**Task description**
Everything from the line containing "Služebník Boží P. Michal Sopočko" to the end of the material, both ends included, should be repeated exactly; please give only those lines.

**Data segment**
[Start of section]

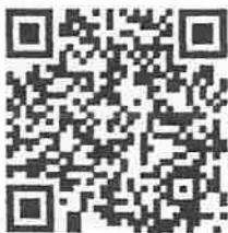
แบบรับฟังความคิดเห็น
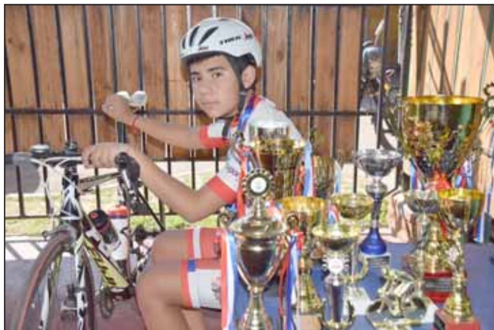
EL NACIONAL LO ESPERA.- Este joven deportista es entrenado por su padre, quien también hizo de las suyas, pero en Mountain Bike.
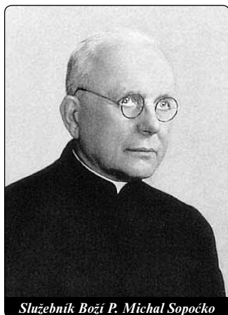
Služebník Boží P. Michal Sopočko

na setkání s tímto knězem předem pečlivě připravena. Bůh mi ho dal nejdřív vnitřně poznat, než jsem přijela do Vilna. (D 34) Na jiném místě napsala: Ježíšova

[End of section]

**Answer**
Služebník Boží P. Michal Sopočko

na setkání s tímto knězem předem pečlivě připravena. Bůh mi ho dal nejdřív vnitřně poznat, než jsem přijela do Vilna. (D 34) Na jiném místě napsala: Ježíšova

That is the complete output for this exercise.